El tribunal dio por acreditado, que en 2008 la Municipalidad de Alto Hospicio suscribió un contrato de prestación de servicios con el Banco de Crédito e Inversiones, previa licitación, para el manejo de distintas cuentas bancarias y otros servicios financieros. Posteriormente, se procedió a la creación, habilitación y uso de cuentas primas o vistas para trabajadores dependientes de la municipalidad para facilitar el pago de sus remuneraciones.

¿Qué ocurrió al interior de la Municipalidad de Alto Hospicio?

En dicho contexto, entre mayo de 2014 y abril de 2016, los acusados Francisco Lizana Catalán, director de Finanzas, y Rubén Rivera Tudela, jefe de Administración y Finanzas de la Municipalidad de Alto Hospicio, “aprovechando que por sus funciones mantenían a su cargo las cuentas fiscales de esta Municipalidad y la información del personal contratado, idearon una fórmula para sustraer sistemáticamente parte de estos dineros a través de la creación de cuentas primas o vista a personas que trabajaron un corto tiempo en dicha Municipalidad. Pero que ya no prestaban servicios o que se aprestaban al término de sus contratos”.

Lo anterior, “para quedarse con las tarjetas bancarias de dichas cuentas primas de aquellos que finalmente no las retiraban y proceder a la transferencia de dinero desde una de las cuentas de la Municipalidad a estas cuentas primas por el falso concepto de pago de remuneraciones. Por trabajos que ya no se realizaban y por montos muy superiores a los que realmente se pagó en su momento a estas personas cuando prestaron sus servicios, dineros que una vez depositados en las cuentas primas eran retirados a través de cajeros automáticos, empleando para ello las tarjetas bancarias que mantenían en su poder”.

Este mecanismo se descubrió gracias a la denuncia de extrabajador de la Municipalidad, lo que generó una investigación interna que detectó las transferencias irregulares a cuentas primas.
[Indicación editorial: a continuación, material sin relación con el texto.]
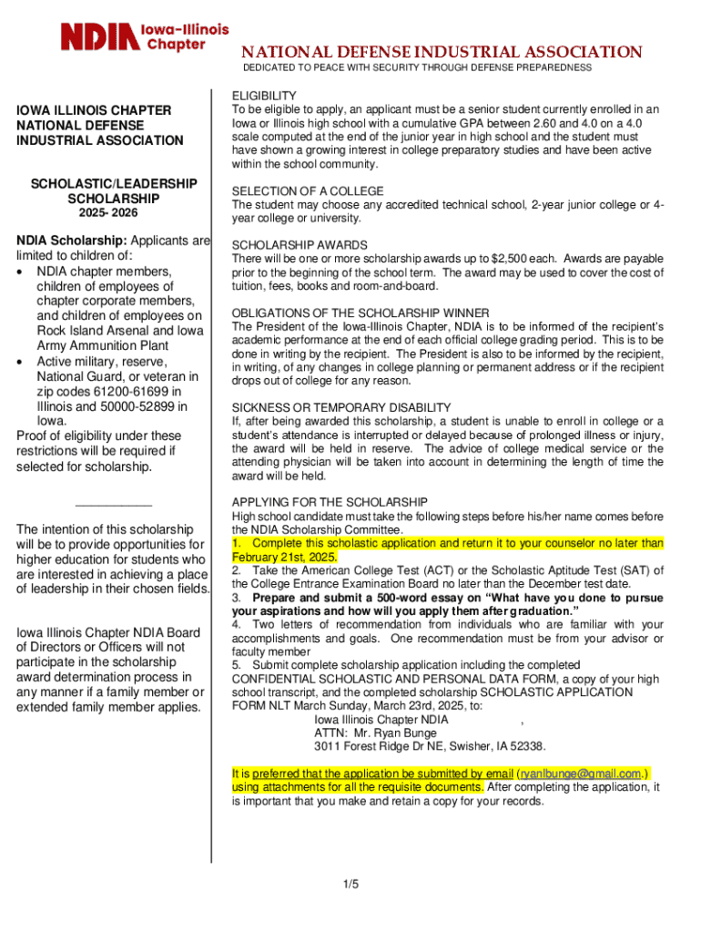 This document outlines the eligibility, application process, and requirements for the NDIA Scholastic/Leadership Scholarship for students in Iowa and Illinois seeking higher education opportunities.

En total, ambos realizaron 118 traspasos de fondos de la cuenta municipal del Banco BCI que tenía a su cargo hacia 10 cuentas primas de funcionarios que ya no trabajaban para la Municipalidad. Todas, las cuales no contaban con decretos alcaldicios de pago, que fueron cargados, autorizados y firmados con una única clave de acceso al portal BCI empresas, para después utilizar el dispositivo Multipass, en poder de Francisco Lizana Catalán en su calidad de director de Finanzas. Esto provocó un perjuicio fiscal de $183.290.000. Luego de transferidos los dineros fiscales desde la cuenta Municipalidad de Alto Hospicio a las cuentas primas de los exfuncionarios, se procedía a concurrir a cajeros automáticos, sustrayendo el dinero depositado.

Una fallida transferencia

Gracias a la investigación, también fue posible establecer que Francisco Lizana realizó una transferencia desde la cuenta municipal a la cuenta de una exfuncionaria por $1.260.000. Debido a que no les era posible retirar el dinero a través de un cajero automático, Lorena Segovia Marín, instruida por Rubén Rivera, se contactó con la extrabajadora señalándole que por error la Municipalidad de Alto Hospicio le había depositado dineros en una cuenta prima abierta a su nombre.
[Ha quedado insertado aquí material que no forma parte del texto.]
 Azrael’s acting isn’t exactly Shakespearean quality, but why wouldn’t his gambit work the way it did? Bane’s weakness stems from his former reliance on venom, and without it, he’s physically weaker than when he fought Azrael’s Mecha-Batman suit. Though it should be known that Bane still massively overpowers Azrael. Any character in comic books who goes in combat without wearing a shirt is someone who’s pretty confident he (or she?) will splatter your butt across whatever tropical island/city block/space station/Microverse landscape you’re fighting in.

De esta forma, le solicitó que concurriera junto a ella a retirar el dinero por caja en la sucursal del Banco BCI más cercana, lo que hicieron con fecha 31 de marzo del año 2015 retirando todo el dinero de la cuenta ascendiente a la suma de $1.260.000 y entregándole este monto por mano a Lorena Segovia, la cual después lo entregó a Rubén Rivera.